PROBLEM: Take nothing but the lines from the one with "Interior design of" through the one with "Alpine HALO9 - Installation" in the entries below, both ends kept, and return them exactly with pictures left out.

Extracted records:
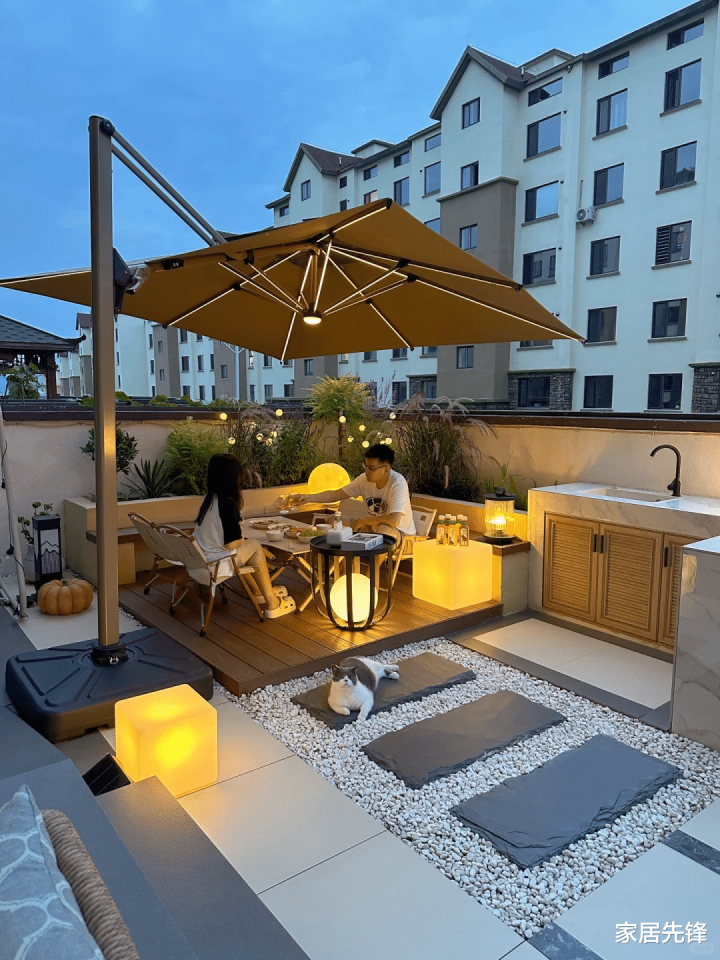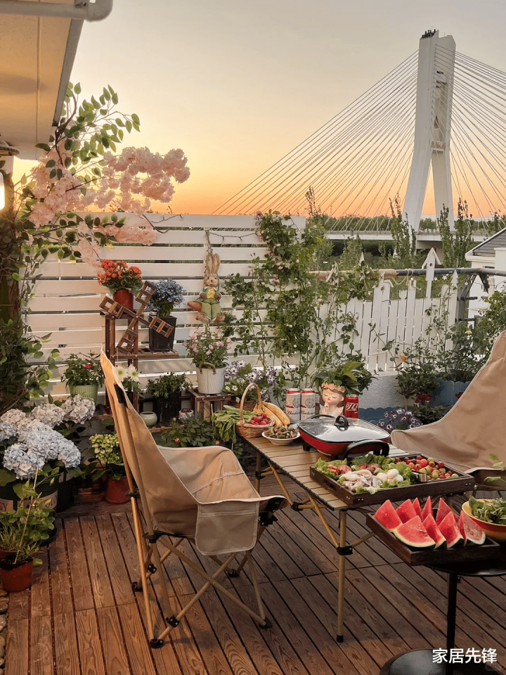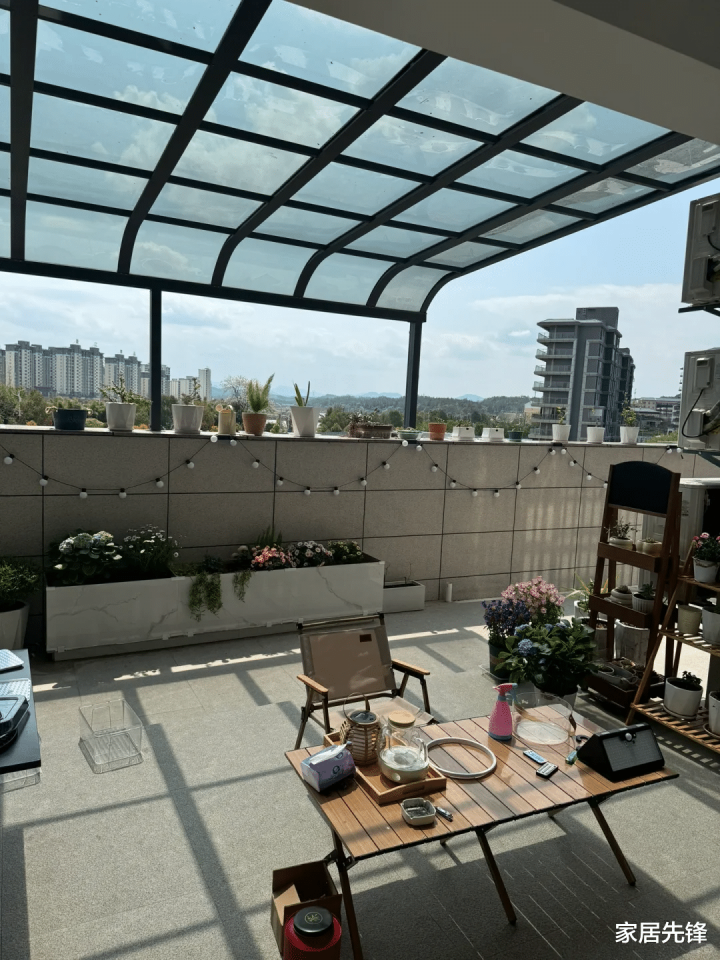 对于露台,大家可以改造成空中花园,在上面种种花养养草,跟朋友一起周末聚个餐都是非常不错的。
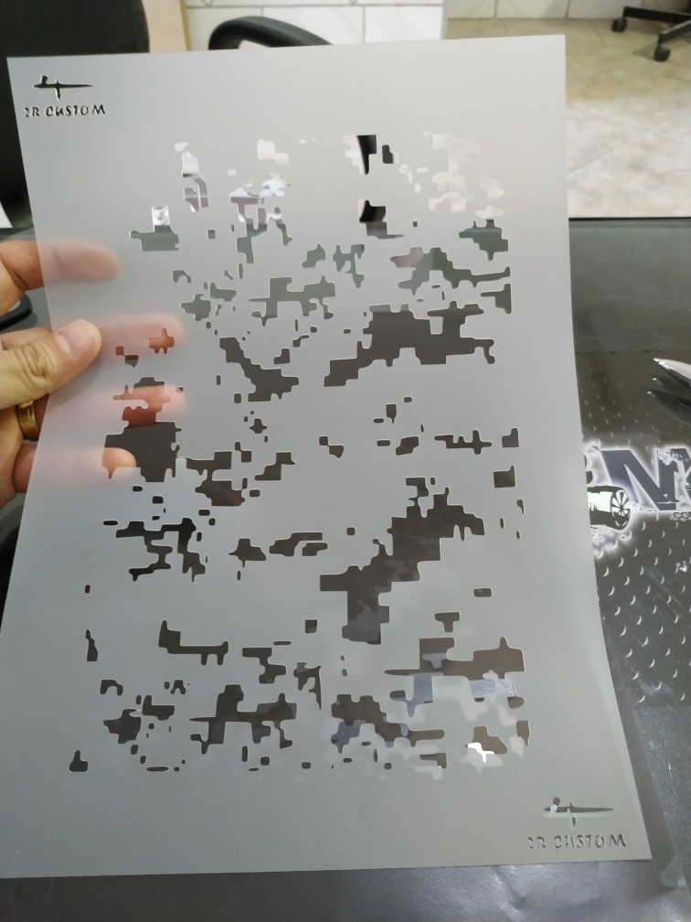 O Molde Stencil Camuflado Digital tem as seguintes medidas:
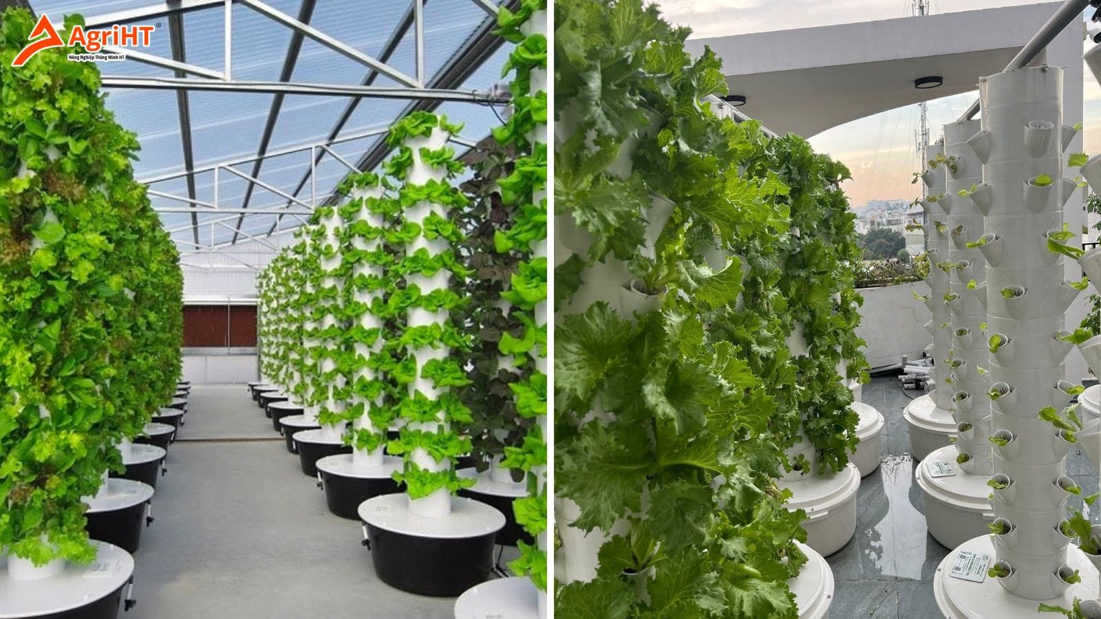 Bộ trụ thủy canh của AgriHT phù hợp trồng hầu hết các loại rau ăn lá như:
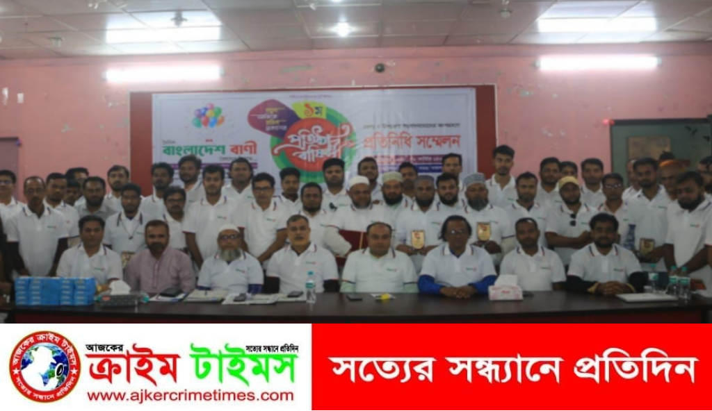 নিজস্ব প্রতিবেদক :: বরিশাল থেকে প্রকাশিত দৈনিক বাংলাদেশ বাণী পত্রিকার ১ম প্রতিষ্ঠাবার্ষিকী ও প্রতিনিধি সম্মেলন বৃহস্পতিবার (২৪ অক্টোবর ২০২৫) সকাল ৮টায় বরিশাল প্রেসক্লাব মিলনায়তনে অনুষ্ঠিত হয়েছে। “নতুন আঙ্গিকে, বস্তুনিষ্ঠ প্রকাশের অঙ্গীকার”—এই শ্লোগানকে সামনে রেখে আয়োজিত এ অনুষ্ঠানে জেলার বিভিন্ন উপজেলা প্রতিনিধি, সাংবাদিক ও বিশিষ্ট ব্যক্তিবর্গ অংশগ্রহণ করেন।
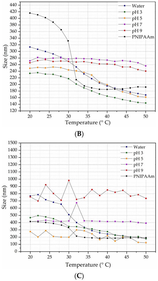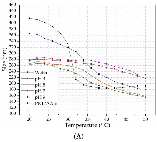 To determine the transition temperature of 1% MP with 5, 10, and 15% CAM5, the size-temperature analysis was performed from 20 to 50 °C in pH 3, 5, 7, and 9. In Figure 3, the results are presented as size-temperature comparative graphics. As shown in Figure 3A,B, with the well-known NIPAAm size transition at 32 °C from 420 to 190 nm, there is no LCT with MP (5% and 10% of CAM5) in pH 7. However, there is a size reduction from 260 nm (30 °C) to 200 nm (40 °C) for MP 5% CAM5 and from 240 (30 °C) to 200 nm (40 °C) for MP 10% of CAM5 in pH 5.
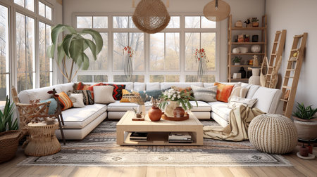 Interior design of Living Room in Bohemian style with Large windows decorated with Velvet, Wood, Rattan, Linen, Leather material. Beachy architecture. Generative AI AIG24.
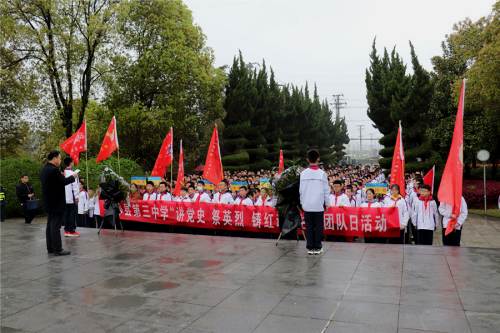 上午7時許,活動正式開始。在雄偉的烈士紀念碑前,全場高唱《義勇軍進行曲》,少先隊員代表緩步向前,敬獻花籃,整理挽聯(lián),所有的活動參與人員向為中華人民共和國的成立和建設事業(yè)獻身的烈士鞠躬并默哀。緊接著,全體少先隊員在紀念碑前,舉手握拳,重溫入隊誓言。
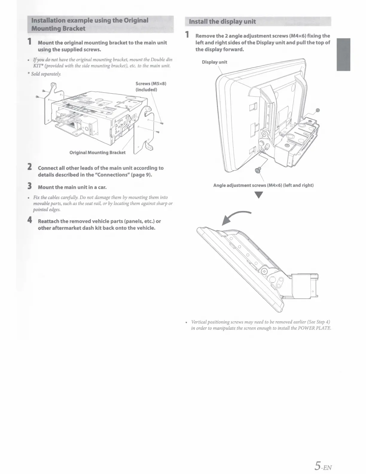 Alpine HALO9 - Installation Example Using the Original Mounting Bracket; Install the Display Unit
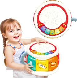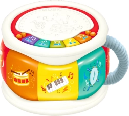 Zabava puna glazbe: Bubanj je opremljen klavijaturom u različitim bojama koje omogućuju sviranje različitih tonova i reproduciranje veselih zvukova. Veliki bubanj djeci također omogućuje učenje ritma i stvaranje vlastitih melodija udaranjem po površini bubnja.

RESULT OF THIS TASK:
 Interior design of Living Room in Bohemian style with Large windows decorated with Velvet, Wood, Rattan, Linen, Leather material. Beachy architecture. Generative AI AIG24.
 上午7時許,活動正式開始。在雄偉的烈士紀念碑前,全場高唱《義勇軍進行曲》,少先隊員代表緩步向前,敬獻花籃,整理挽聯(lián),所有的活動參與人員向為中華人民共和國的成立和建設事業(yè)獻身的烈士鞠躬并默哀。緊接著,全體少先隊員在紀念碑前,舉手握拳,重溫入隊誓言。
 Alpine HALO9 - Installation Example Using the Original Mounting Bracket; Install the Display Unit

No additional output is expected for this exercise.